Youth-led NGO's supporting the principles of the United Nations Charter

United Nations Youth Associations (UNYAs) are youth-led NGO's entirely consisting of young volunteers. These associations are supporting the goals and principles of the United Nations Charter and it is their aim to promote these principles and the work of the United Nations among their national civil society.

In August 2011, the United Nations Youth Associations Network (UNYANET) was founded in Vienna. UNYANET is the international network for United Nations Youth Associations and UNA-Youth Sections.

If a country doesn’t have an UNYA, youth can get involved with their local United Nations Association (UNA). If someone does not know if their country has a UNA, contact the World Federation of United Nations Associations (WFUNA) Youth Network.

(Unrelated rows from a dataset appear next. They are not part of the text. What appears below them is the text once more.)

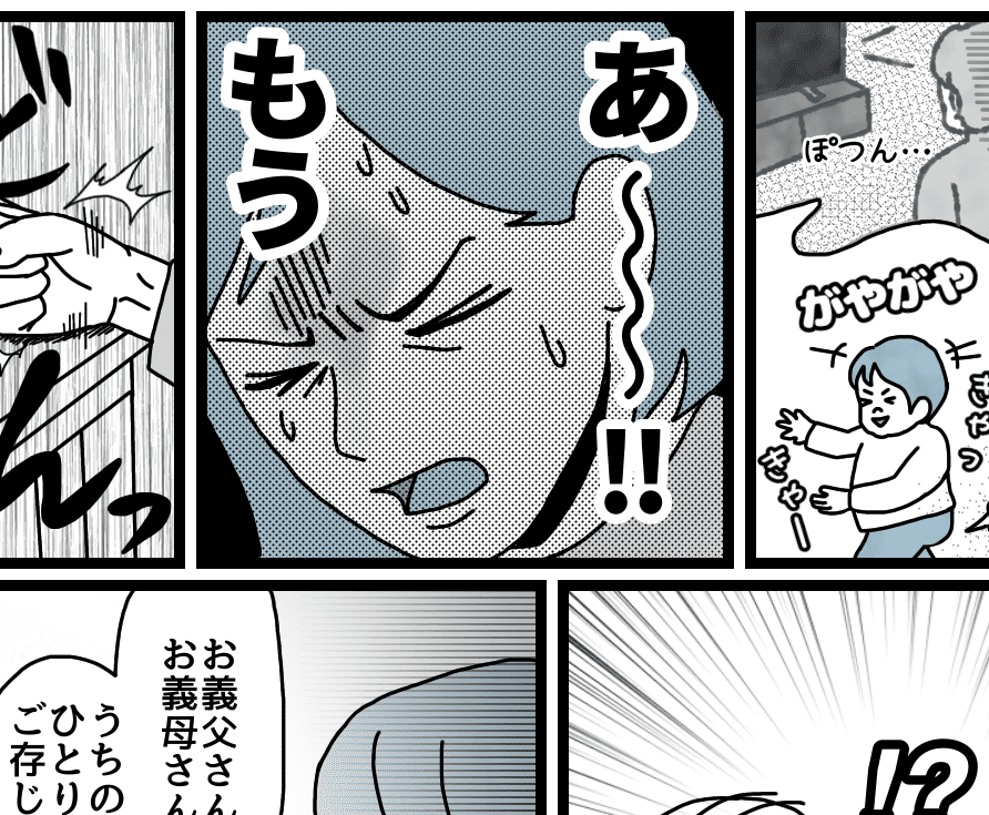 母にだって孫に囲まれたお正月を過ごさせてあげたい……。でも結局いつも旦那の激怒が怖くて言いなりになってしまう……。兄弟や義父とお酒を飲んでご機嫌な旦那。子どもたちは楽しそうに走り回り、笑い声。……でも、母は実家にひとりなんだ……。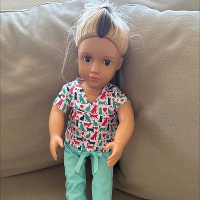 Give comfort and care to pets everywhere with the Our Generation - Healthy Paws veterinarian outfit for 18-inch dolls! With the right tools and a lot of love, your dolls will be able to make their furry friends all better. Dress your doll in the veterinarian uniform (called "scrubs"), a short-sleeved shirt with colorful animal print and a pair of green pants with a waist tie. Vets need to be on their feet a lot during a day at the clinic; help your doll stay comfortable in the practical vet shoes. When it's time to give your pet pals a check-up, use the stethoscope to listen to their heartbeat and the otoscope to check their ears - it really lights up! The veterinarian's notepad and pen let you record any symptoms and treatment your doll will prescribe. This outfit pairs perfectly with Our Generation's range of Loyal Pals as well as the OG Healthy Paws Vet Clinic. The doll in the pictures is Naya. (Dolls, pets, and vet clinic sold separately, available at Target. Compatible with American Girl dolls.)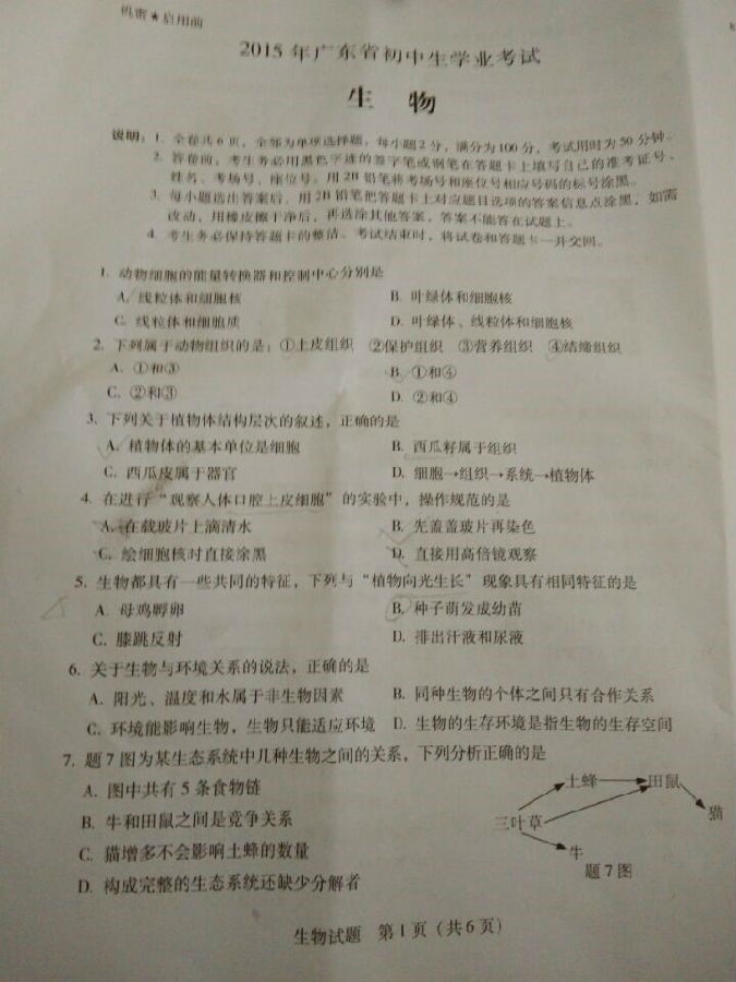 来源 : 网络 07月15日 12:11 关键字 : 广东省中考生物试卷中考生物
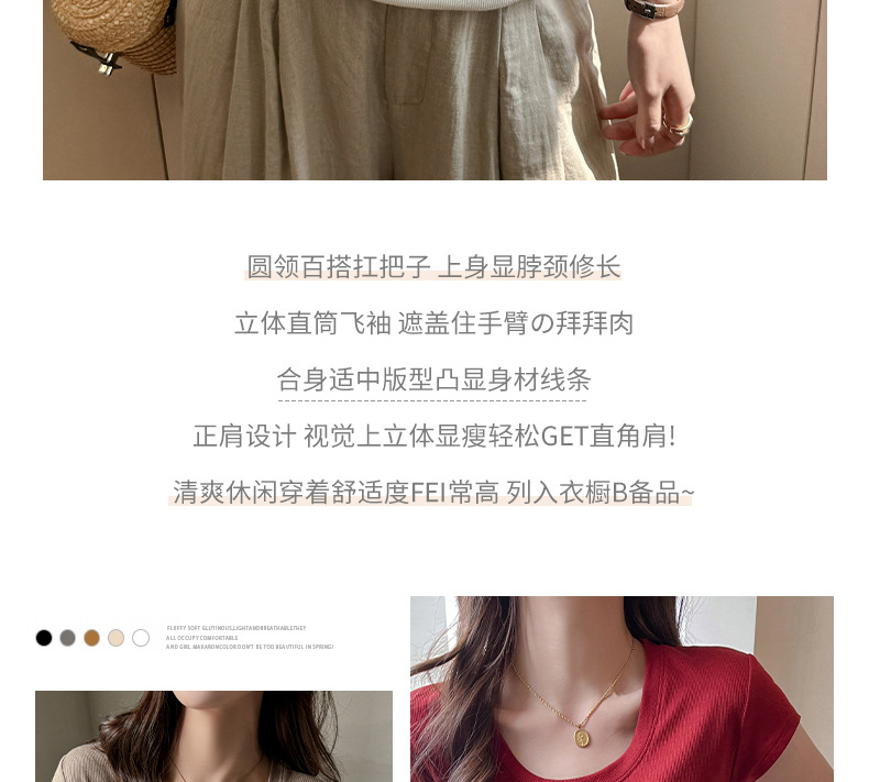 莱赛尔天丝宽松正肩短袖t恤女式T高级感小飞袖夏季显瘦遮肉上衣

WFUNA is a global nongovernmental nonprofit membership organization of UNAs in over 100 countries. The WFUNA Youth Network is a network of UN Youth Associations and UNA youth sections/youth wings from all around the world.

==UNYA Activities==
UNYAs conduct a variety of activities, some of which are:

- Model United Nations, a simulation of a UN meeting for high school students
- Education programmes for primary and secondary school students to inform them about the work of the United Nations
- Speakers events and panel discussions
- UN Youth Delegate programmes

==Different organizational forms for UNYAs==
===UNYA/UNSA/UNYSA===
Young people might set up an independent organization – a United Nations Youth (or Students) Association – that works independently, but often in cooperation with their country’s United Nations Association (UNA). In these cases, the relationship between the UNYA and the UNA takes various forms ranging from the UNYA and the UNA being independent organizations that coordinate on an ad hoc basis to the UNYA having a seat in the UNAs board. There are also United Nations Associations that do not have "Youth" in their title but that are almost entirely composed and governed by youth.

===UNA-Youth Sections===
Often, there are Youth Sections within the UNA acting as a youth organization but within the UNAs structure.